Senin 30 Aug 2021 13:41 WIB

Krisis Iklim, Apakah Energi Air Masih Menjanjikan?

Produksi energi air di dunia anjlok ke level terendah sejak beberapa dekade terakhir.

Red: Dwi Murdaningsih
Bendungan (ilustrasi)
Foto: ipenz.org.nz
Bendungan (ilustrasi)

REPUBLIKA.CO.ID, JAKARTA -- Bendungan hidroelektrik selama ini dianggap metode paling efektif dan efisien untuk memproduksi energi terbarukan. Namun, musim kering dan curah hujan ekstrem seringkali melumpuhkan pembangkit.
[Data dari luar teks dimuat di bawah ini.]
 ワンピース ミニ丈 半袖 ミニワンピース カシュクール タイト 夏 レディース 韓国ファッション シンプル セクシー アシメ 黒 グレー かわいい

Sekali dibangun, pembangkit tenaga air bisa memproduksi listrik tanpa henti setiap saat, begitulah dalih yang selama ini didengungkan untuk mendukung ekspansi energi air. Hingga 2019 lalu, lebih dari separuh energi terbarukan di dunia didapat dari bendungan hidroelektrik, lapor jejaring politik Prancis, Ren21.

Baca Juga

Namun dengan bencana iklim yang kian terasa, energi air kehilangan argumen terbesarnya yakni aliran air yang konsisten dan terukur. Bersamaan dengan datangnya musim kering panjang tahun ini, produksi energi air di dunia anjlok ke level terendah sejak beberapa dekade terakhir.
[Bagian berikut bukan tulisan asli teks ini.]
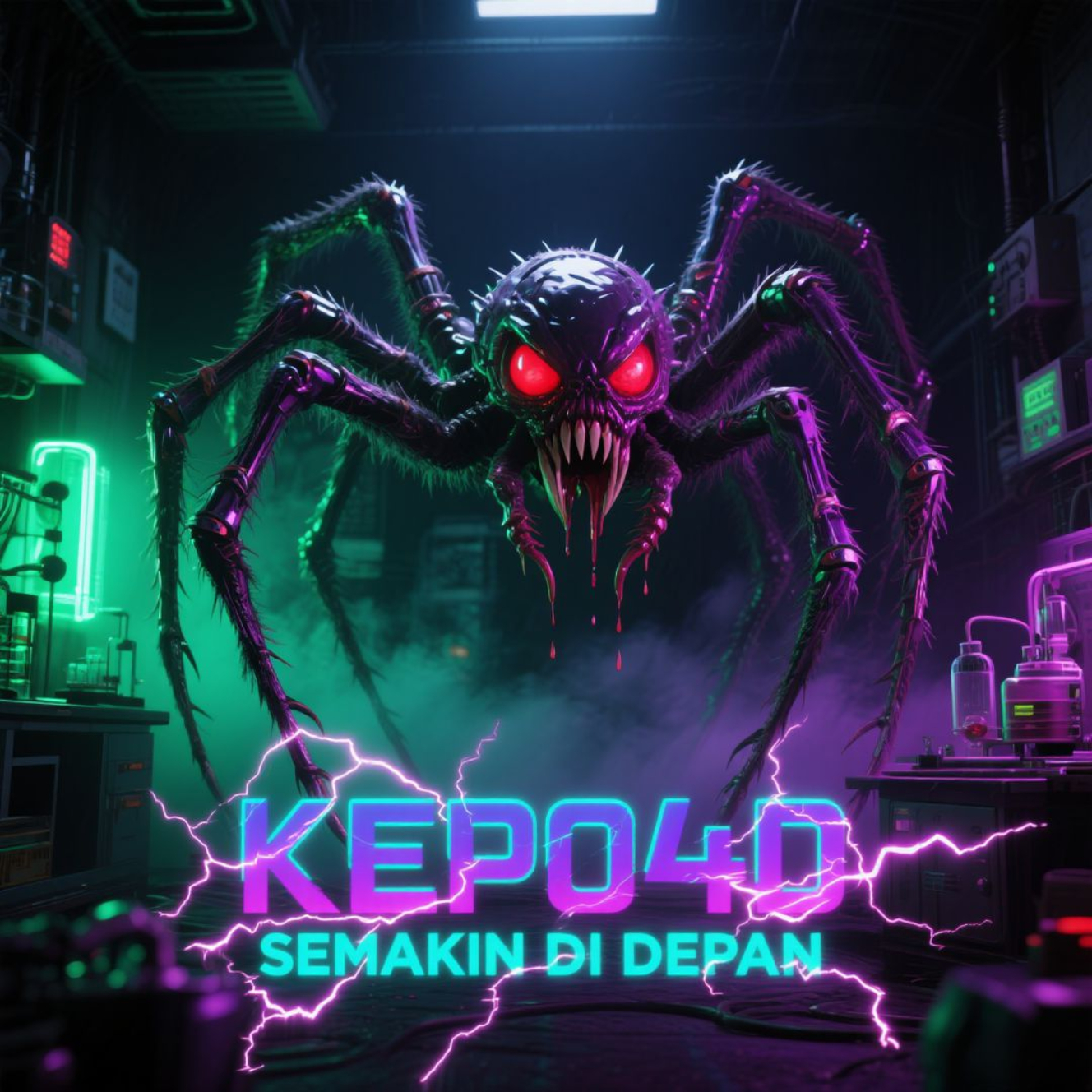 Gambar utama KEPO4D menghadirkan seekor laba-laba mekanik berbalut nuansa neon ungu dan hijau, dengan efek petir yang memperkuat kesan kekuatan dan kontrol. Warna neon yang tajam, perpaduan antara sains dan horor, serta setting laboratorium futuristik menggambarkan sebuah dunia digital yang ekstrem namun terkendali—dunia di mana KEPO4D adalah penguasanya.

Situasi ini disimak pada Bendungan Hoover di atas Sungai Colorado. Kekeringan yang melanda barat AS menyusutkan level air di kolam penampungan menjadi hanya sepertiga. Sejak Juli silam, pembangkit listrik di bendungan harus mengurangi seperempat produksi dibanding situasi normal.